- **Task instructions**
Set down, word for word, only the lines from the start of the records through the line bearing "товар в любых размерах."; include no pictures.

(Excerpts from a dataset)
+-------+

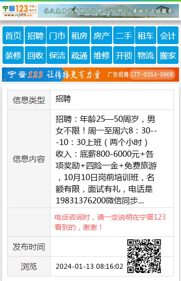 招聘:年龄25—50周岁,男女不限!周一至周六8:30---10:30上班(两个小时)收入:底薪800-6000元+各项奖励+四险一金+免费旅游,10月10日岗前培训班,名额有限,面试有礼,电话是19831376200微信同步 【电话咨询时,请一定说明在宁晋123看到的,谢谢!】 |
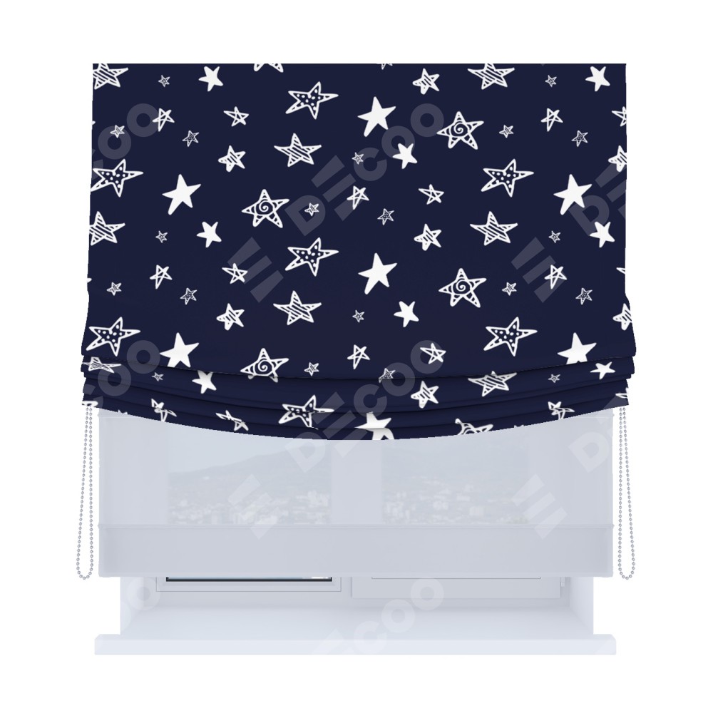 Римская штора «Кортин», день-ночь с мягкими складками, «Ночные звёзды» представлена к заказу по по вашим размерам. Её артикул: 25244. будет зависеть от выбранных опций и стартует от 5 300 руб. В интернет-магазине Decoo есть возможность выбрать товар в любых размерах.
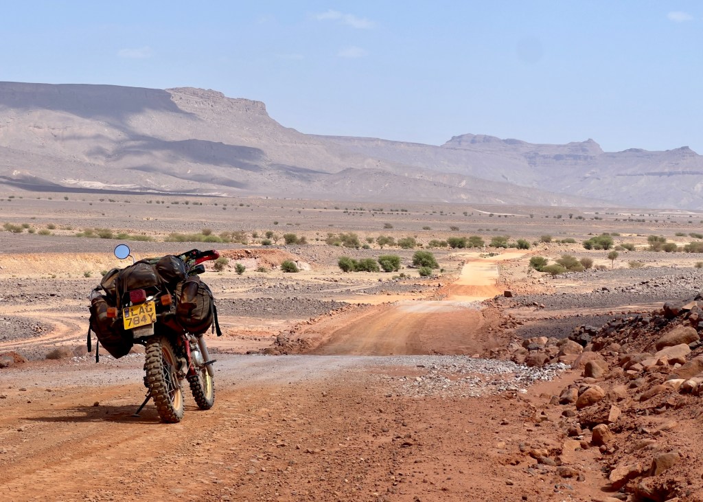 It’s when you turn south that things start to get really interesting, as the track becomes less well travelled. This is the second half of a Sahara Overland routes. You certainly get the sense of remoteness and that no-one has been here for a while. The territory soon becomes rocky and technical in places after crossing over a number of oueds, and whilst the landscape starts out flat, variations between undulations, rocky gullies and valleys soon emerge. The track is also sandy in places, but be careful about going great guns – there are big rocks too, leaving you with the unpalatable choice of getting your speed up and risking hitting something solid or slowing it down to avoid those rocks and paddling through.
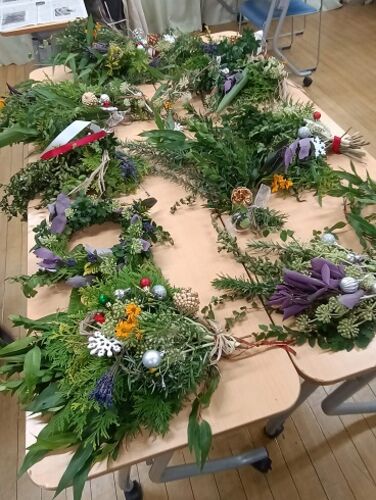 本日は、月一回、よみうりカルチャー錦糸町のハーブ教室でした。 午後12時45分から2時30分です。 いつもの矢田ファームにハーブのスワッグの材料注文をし、私の庭からもハーブいろいろをお持ちしました。 香り一杯の中、スワッグづくり。 半月型のリースやリ…
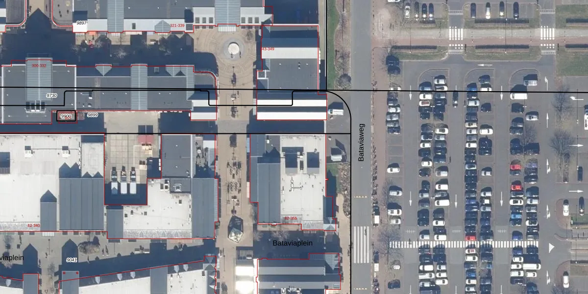 Het perceel waarop Bataviaplein 351 staat heeft een oppervlakte van 2,7 ha. Dit is een zeer groot perceel. De perceeloppervlakte wordt geregistreerd door het Kadaster. Gedetailleerde informatie over de maten van dit perceel kunt u vinden in het rapport Kadastrale kaart met maatvoering van Bataviaplein 351.
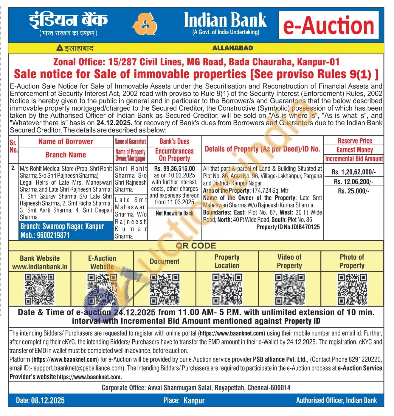All that part & parcel of Land & Building Situated at Plot No. 86, Arazi No. 96, Village-Lakhanpur, Pargana and District-Kanpur Nagar. Area of the Property: 174.724 Sq. Mtr Name of the Owner of the Property: Late Smt Maheswari Sharma W/o Rajneesh Kumar Sharma Boundaries: East: Plot No. 87, West: 30 Ft Wide Road, North: 40 Ft Wide Road, South: Plot No. 85

+-------+

- **Worked solution**
 招聘:年龄25—50周岁,男女不限!周一至周六8:30---10:30上班(两个小时)收入:底薪800-6000元+各项奖励+四险一金+免费旅游,10月10日岗前培训班,名额有限,面试有礼,电话是19831376200微信同步 【电话咨询时,请一定说明在宁晋123看到的,谢谢!】 |
 Римская штора «Кортин», день-ночь с мягкими складками, «Ночные звёзды» представлена к заказу по по вашим размерам. Её артикул: 25244. будет зависеть от выбранных опций и стартует от 5 300 руб. В интернет-магазине Decoo есть возможность выбрать товар в любых размерах.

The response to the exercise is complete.